> _ACTIVITY_
Would you please retype, exactly, the lines of the listing below between the line with "Start with small" and the line with "Ηπειρωτικός Αγών: η", inclusive?

> _THE RECORDS_
━━━━━━━━
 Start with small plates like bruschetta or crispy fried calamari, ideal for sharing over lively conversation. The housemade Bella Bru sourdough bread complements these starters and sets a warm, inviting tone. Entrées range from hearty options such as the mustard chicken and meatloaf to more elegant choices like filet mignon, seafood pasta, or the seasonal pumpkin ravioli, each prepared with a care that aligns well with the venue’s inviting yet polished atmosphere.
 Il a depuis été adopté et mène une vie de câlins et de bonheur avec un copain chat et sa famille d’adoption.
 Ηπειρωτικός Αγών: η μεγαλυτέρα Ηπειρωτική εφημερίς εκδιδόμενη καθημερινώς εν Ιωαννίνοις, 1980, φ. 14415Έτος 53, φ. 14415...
━━━━━━━━
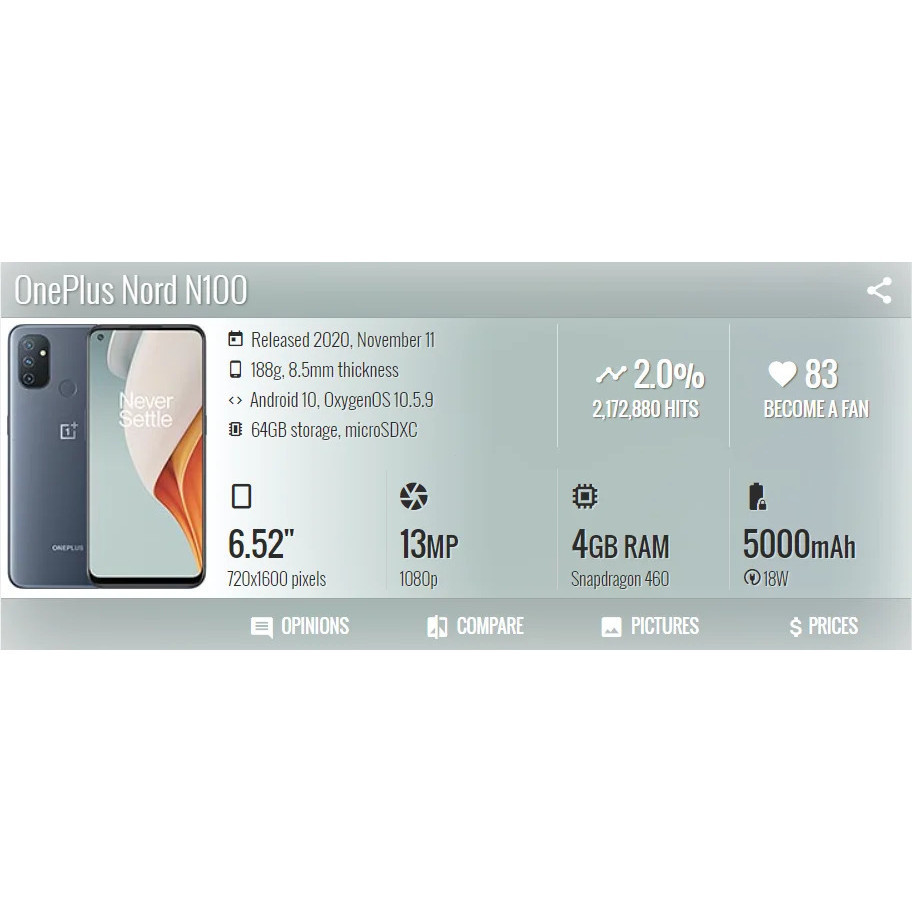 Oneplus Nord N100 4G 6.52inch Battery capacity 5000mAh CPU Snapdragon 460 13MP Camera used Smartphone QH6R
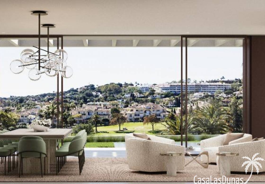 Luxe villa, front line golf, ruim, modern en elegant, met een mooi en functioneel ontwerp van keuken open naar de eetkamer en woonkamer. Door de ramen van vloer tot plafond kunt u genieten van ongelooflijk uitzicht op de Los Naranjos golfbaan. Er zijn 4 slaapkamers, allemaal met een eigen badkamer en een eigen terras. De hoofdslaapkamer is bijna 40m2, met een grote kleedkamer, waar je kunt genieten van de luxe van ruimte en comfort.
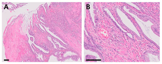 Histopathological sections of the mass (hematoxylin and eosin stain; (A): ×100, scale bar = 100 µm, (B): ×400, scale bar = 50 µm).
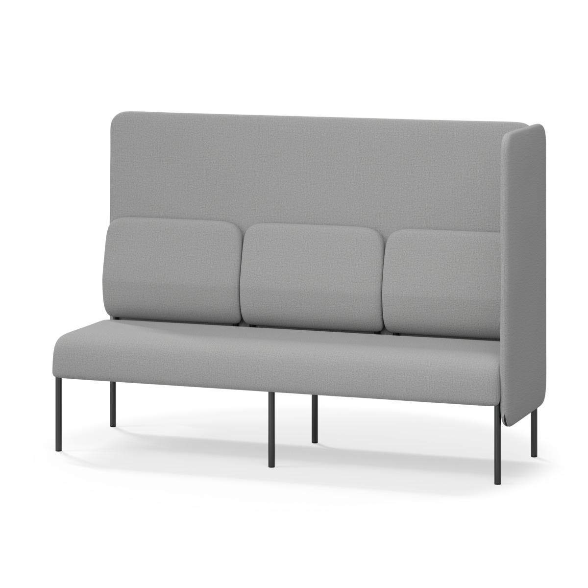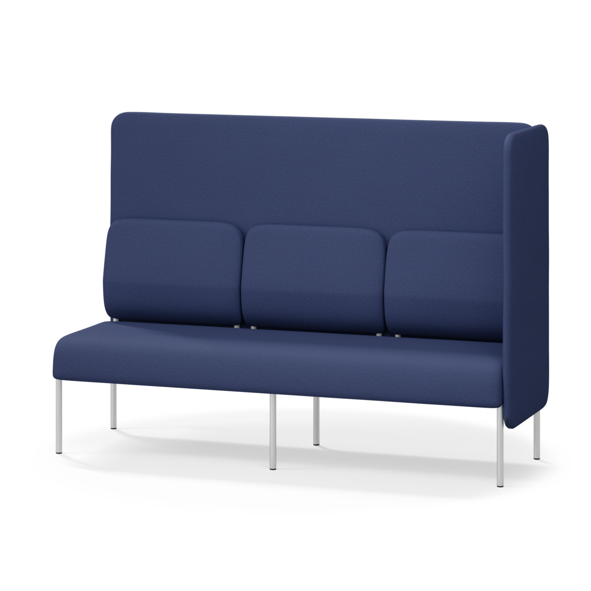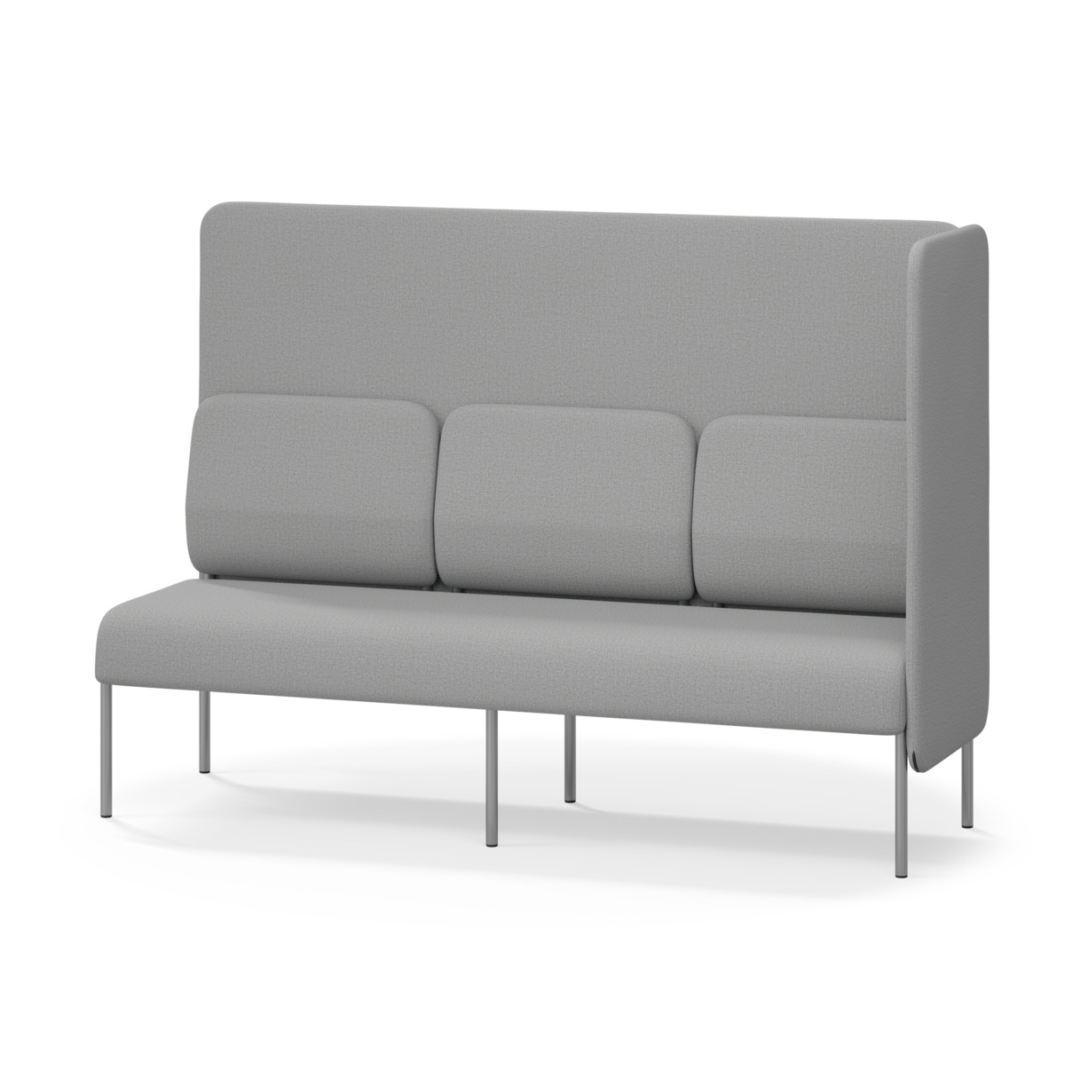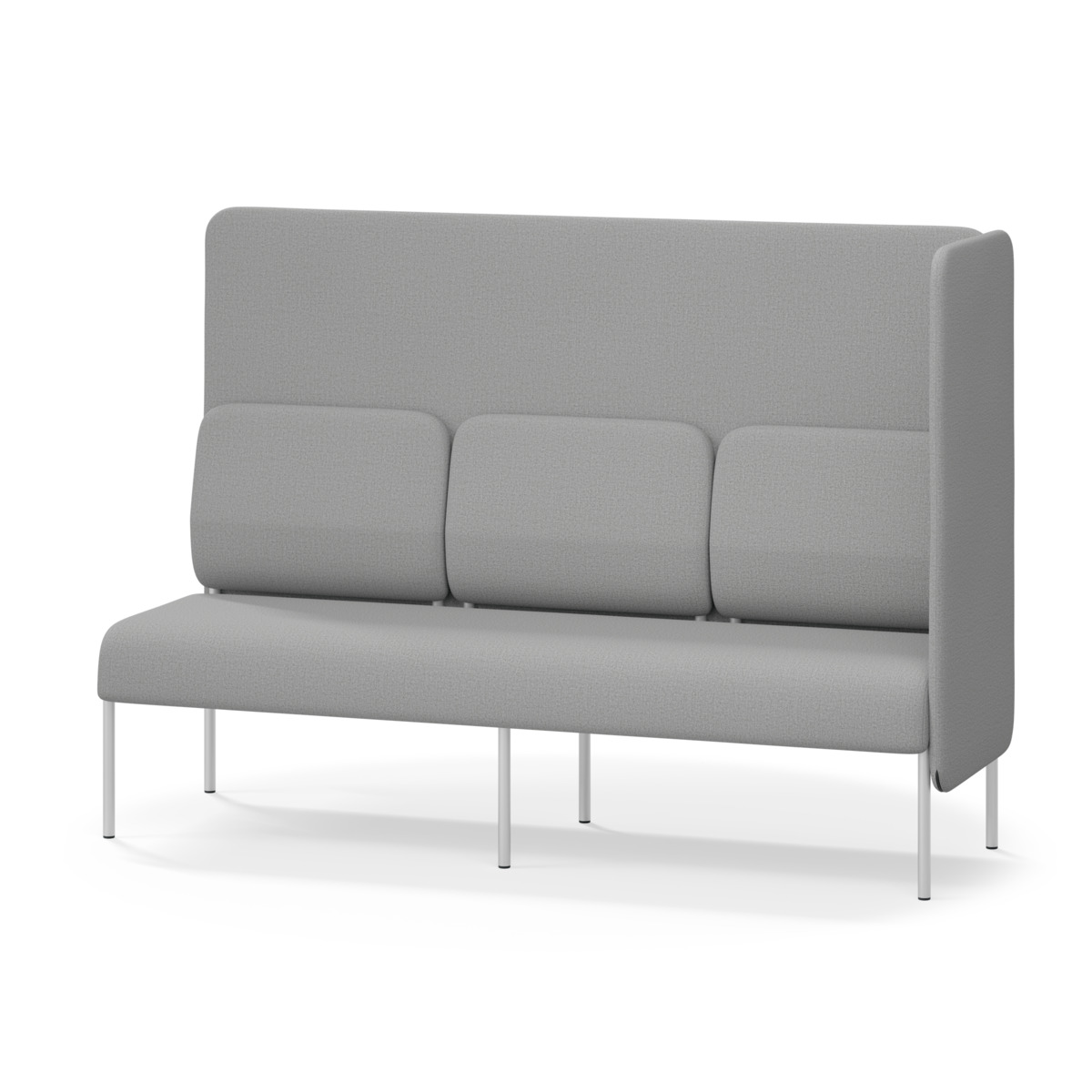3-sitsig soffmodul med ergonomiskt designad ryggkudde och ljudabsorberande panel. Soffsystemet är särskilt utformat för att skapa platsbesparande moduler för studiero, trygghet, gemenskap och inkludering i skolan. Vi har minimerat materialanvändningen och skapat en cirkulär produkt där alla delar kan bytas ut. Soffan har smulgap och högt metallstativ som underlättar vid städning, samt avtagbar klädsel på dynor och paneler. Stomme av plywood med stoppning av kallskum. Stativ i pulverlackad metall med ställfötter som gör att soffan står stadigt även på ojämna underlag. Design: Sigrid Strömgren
━━━━━━━━
> _PROBLEM SOLUTION_
 Start with small plates like bruschetta or crispy fried calamari, ideal for sharing over lively conversation. The housemade Bella Bru sourdough bread complements these starters and sets a warm, inviting tone. Entrées range from hearty options such as the mustard chicken and meatloaf to more elegant choices like filet mignon, seafood pasta, or the seasonal pumpkin ravioli, each prepared with a care that aligns well with the venue’s inviting yet polished atmosphere.
 Il a depuis été adopté et mène une vie de câlins et de bonheur avec un copain chat et sa famille d’adoption.
 Ηπειρωτικός Αγών: η μεγαλυτέρα Ηπειρωτική εφημερίς εκδιδόμενη καθημερινώς εν Ιωαννίνοις, 1980, φ. 14415Έτος 53, φ. 14415...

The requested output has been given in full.